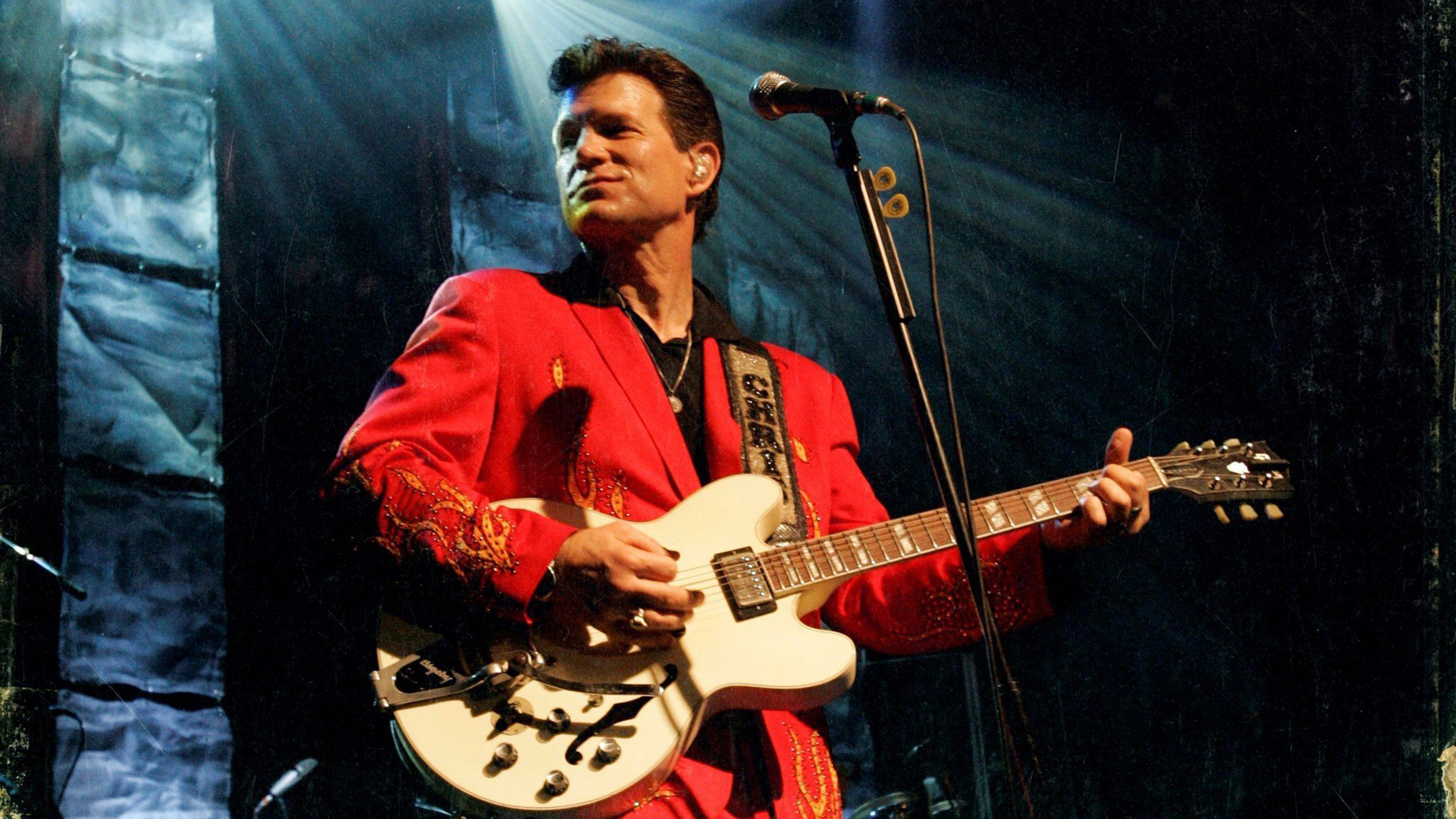Description: A man in a red suit playing a guitar on stage with a microphone in the background and a microphone in the foreground.
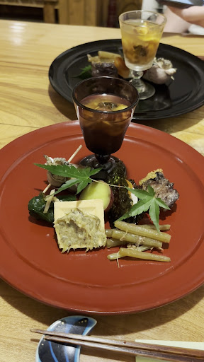 Beautiful little restaurant located in front of the station. The chef offers a wide variety of local nihonshu that he pairs with the dishes and serves in beautiful hand made cups.
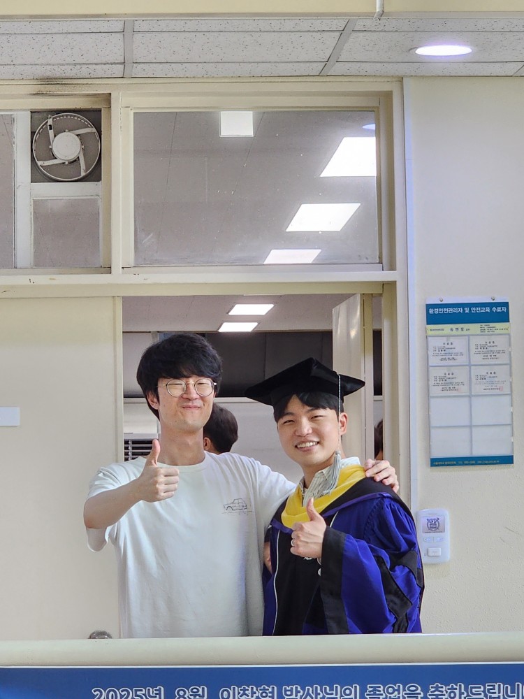 Archives Archives Notices How to Get Here Counseling Archives Home > Archives > Archives Members Archives ALUMNI 갤러리게시판 notice 1:1문의 리뷰 2025 여름 학위수여식 [8/28] Writer. 관리자Date. 2025-09-02View. 130 이창현 박사, 김민극 석사, 박륜기 석사 졸업을 축하합니다~~어디서든 건강하시소! 썸네일 캡처.PNG (대표) 목록
○ ○ ○ ○ ○ ○ ○
You are asked to reproduce each line above exactly, but to exclude the pictures.

Description: A man in a red suit playing a guitar on stage with a microphone in the background and a microphone in the foreground.
 Beautiful little restaurant located in front of the station. The chef offers a wide variety of local nihonshu that he pairs with the dishes and serves in beautiful hand made cups.
 Archives Archives Notices How to Get Here Counseling Archives Home > Archives > Archives Members Archives ALUMNI 갤러리게시판 notice 1:1문의 리뷰 2025 여름 학위수여식 [8/28] Writer. 관리자Date. 2025-09-02View. 130 이창현 박사, 김민극 석사, 박륜기 석사 졸업을 축하합니다~~어디서든 건강하시소! 썸네일 캡처.PNG (대표) 목록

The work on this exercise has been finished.